Beberapa waktu lalu ada yang menanyakan kepada saya tentang puasa Rajab. Saat saya menulis artikel ini, kalender menunjukkan tanggal 21 Rajab 1431. Mungkin agak ‘telat’. Akan tetapi, bahasan agama tidak mengenal kata telat untuk dipahami dan diamalkan. Berikut akan saya tuliskan secara ringkas – seperti biasa – bahasan sebegaimana tertera dalam judul di atas.

Jika ada pertanyaan : Apakah terlarang berpuasa di bulan Rajab ?.
Jawabannya : Tidak. Tidak ada dalil yang melarang seseorang berpuasa di bulan Rajab[1], sebagaimana juga tidak ada dalil untuk melarang berpuasa di bulan lainnya. Rasulullah shallallaahu ‘alaihi wa sallam sangat senang berpuasa pada bulan-bulan hijriyah, tidak terkecuali di bulan Rajab.
حدثنا أبو بكر بن أبي شيبة. حدثنا عبدالله بن نمير. ح وحدثنا ابن نمير. حدثنا أبي. حدثنا عثمان بن حكيم الأنصاري. قال: سألت سعيد بن جبير عن صوم رجب ؟ ونحن يومئذ في رجب. فقال: سمعت ابن عباس رضي الله عنها يقول: كان رسول الله صلى الله عليه وسلم يصوم حتى نقول: لا يفطر. ويفطر حتى نقول: لا يصوم.

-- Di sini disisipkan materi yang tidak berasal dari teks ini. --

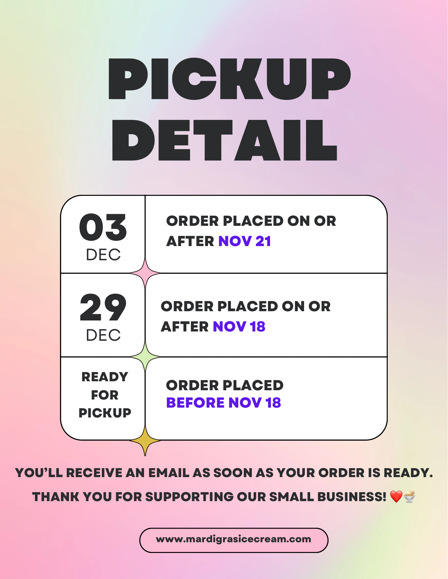 - Orders placed after November 21: Pickup begins December 3 (we’ll make it earlier if our supplies land sooner 🙌)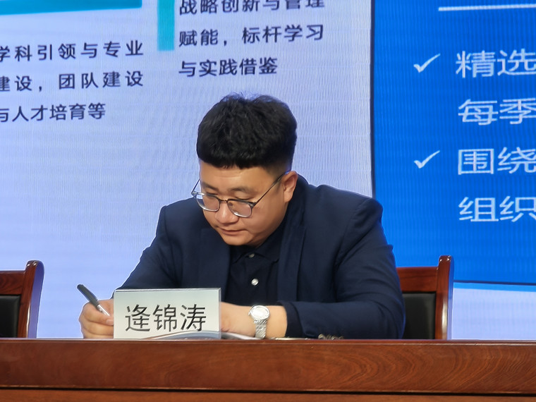 随后,学院各分管领导围绕教学、学生工作与综合管理、科研工作进行了专题汇报。綦盛楠副院长指出,2025年学院教学运行平稳,标志性成果实现突破,2026年将紧扣“稳运行、育项目、提质量”主线,重点抓好金课计划、教材编写及学风建设等工作。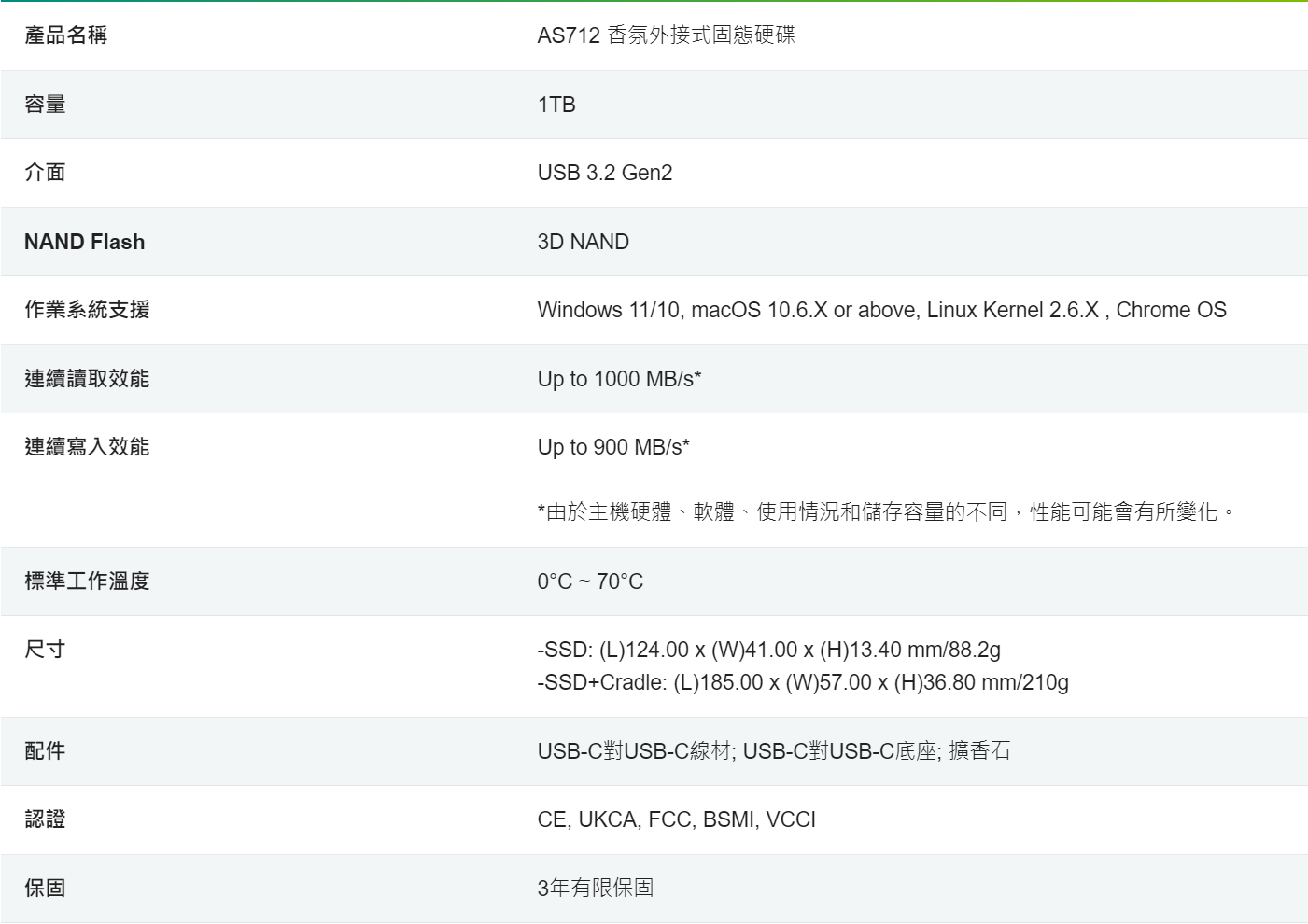 在性能方面,AS712配备了1TB的存储容量,支持1000MB/s的顺序读取速度和900MB/s的顺序写入速度,采用3D NAND闪存技术,通过USB 3.2 Gen 2 Type-C接口与设备连接。

Telah menceritakan kepada kami Abu Bakr bin Abi Syaibah : Telah menceritakan kepada kami ‘Abdullah bin Numair. Dan telah menceritakan kepada kami Ibnu Numair : Telah menceritakan kepadaku ayahku : Telah menceritakan kepada kami ‘Utsmaan bin Hakiim Al-Anshaariy, ia berkata : Aku pernah bertanya kepada Sa’iid bin Jubair tentang puasa Rajab dimana kami waktu itu berada di bulan Rajab. Ia (Sa’iid) menjawab : Aku mendengar Ibnu ‘Abbaas radliyallaahu ‘anhumaa berkata : “Rasulullah shallallaahu ‘alaihi wa sallam senantiasa berpuasa hingga kami berkata : ‘beliau tidak pernah berbuka’. Dan beliau pun pernah berbuka hingga kami berkata : ‘beliau tidak pernah berpuasa” [Diriwayatkan oleh Muslim no. 1157].[2]

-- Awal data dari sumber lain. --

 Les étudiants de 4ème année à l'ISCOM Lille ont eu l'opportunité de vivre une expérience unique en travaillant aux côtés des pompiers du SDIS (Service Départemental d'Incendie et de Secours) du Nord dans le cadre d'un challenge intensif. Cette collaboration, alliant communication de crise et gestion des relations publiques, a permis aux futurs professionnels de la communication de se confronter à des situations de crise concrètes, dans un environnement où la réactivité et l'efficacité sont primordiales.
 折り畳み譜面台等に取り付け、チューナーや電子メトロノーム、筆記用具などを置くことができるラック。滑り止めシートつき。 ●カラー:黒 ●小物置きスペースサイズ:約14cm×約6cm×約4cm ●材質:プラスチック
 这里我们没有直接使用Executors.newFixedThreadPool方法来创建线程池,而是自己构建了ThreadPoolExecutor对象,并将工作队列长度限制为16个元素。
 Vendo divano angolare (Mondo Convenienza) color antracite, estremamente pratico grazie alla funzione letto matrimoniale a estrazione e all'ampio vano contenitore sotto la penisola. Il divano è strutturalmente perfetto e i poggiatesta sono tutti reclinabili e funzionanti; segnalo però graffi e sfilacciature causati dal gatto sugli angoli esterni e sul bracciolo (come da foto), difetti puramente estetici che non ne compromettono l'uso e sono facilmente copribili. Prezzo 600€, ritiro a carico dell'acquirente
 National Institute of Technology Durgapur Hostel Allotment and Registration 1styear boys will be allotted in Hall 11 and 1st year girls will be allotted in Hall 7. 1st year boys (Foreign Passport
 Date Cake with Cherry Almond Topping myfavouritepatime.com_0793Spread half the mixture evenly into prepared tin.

Apakah hadits di atas menunjukkan pengkhususan puasa di bulan Rajab dengan keutamaannya ?.
Jawabannya : Tidak. Sifat puasa yang diceritakan oleh Ibnu ‘Abbaas radliyallaahu ‘anhu bukanlah sifat puasa yang ia lihat khusus di bulan Rajab saja, namun juga sifat puasa yang ia secara umum pada diri beliau di luar bulan Ramadlan. Maksudnya, beliau shallallaahu ‘alaihi wa sallam terkadang banyak berpuasa pada satu bulan, terkadang pula meninggalkannya.
Kebetulan, ‘Utsmaan bin Hakiim bertanya kepada Sa’iid bin Jubair tentang berpuasa di bulan Rajab, dan kemudian ia jawab dengan jawaban umum tentang sifat puasa beliau shallallaahu ‘alaihi wa sallam di luar bulan Ramadlan.

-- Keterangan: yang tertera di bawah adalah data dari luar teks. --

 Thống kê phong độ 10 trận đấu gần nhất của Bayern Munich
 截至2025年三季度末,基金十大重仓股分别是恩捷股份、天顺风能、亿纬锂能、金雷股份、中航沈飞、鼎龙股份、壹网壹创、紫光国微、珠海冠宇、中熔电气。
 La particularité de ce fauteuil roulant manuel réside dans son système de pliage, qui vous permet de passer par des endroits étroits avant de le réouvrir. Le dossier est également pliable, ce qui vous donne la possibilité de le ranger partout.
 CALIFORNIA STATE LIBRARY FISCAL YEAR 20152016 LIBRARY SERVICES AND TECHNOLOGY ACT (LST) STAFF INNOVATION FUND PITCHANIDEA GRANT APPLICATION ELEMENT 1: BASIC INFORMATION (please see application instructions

Perhatikan riwayat berikut :
حَدَّثَنَا مُوسَى بْنُ إِسْمَاعِيلَ حَدَّثَنَا أَبُو عَوَانَةَ عَنْ أَبِي بِشْرٍ عَنْ سَعِيدِ بْنِ جُبَيْرٍ عَنْ ابْنِ عَبَّاسٍ رَضِيَ اللَّهُ عَنْهُمَا قَالَ مَا صَامَ النَّبِيُّ صَلَّى اللَّهُ عَلَيْهِ وَسَلَّمَ شَهْرًا كَامِلًا قَطُّ غَيْرَ رَمَضَانَ وَيَصُومُ حَتَّى يَقُولَ الْقَائِلُ لَا وَاللَّهِ لَا يُفْطِرُ وَيُفْطِرُ حَتَّى يَقُولَ الْقَائِلُ لَا وَاللَّهِ لَا يَصُومُ
Telah menceritakan kepada kami Muusaa bin Ismaa’iil : Telah menceritakan kepada kami Abu ‘Awaanah, dari Abu Bisyr, dari Sa’iid bin Jubair, dari Ibnu ‘Abbaas radliyallaahu ‘anhumaa, ia berkata : “Nabi shallallaahu 'alaihi wa sallam tidak pernah berpuasa selama sebulan penuh kecuali pada bulan Ramadlan. Dan beliau seseorang yang rajin puasa sehingga sehingga ada yang berkata : ‘Tidak, demi Allah, beliau tidak pernah berbuka”. Namun beliau pun berbuka hingga ada yang berkata : ‘Tidak, demi Allah, beliau tidak berpuasa” [Diriwayatkan oleh Al-Bukhaariy no. 1971].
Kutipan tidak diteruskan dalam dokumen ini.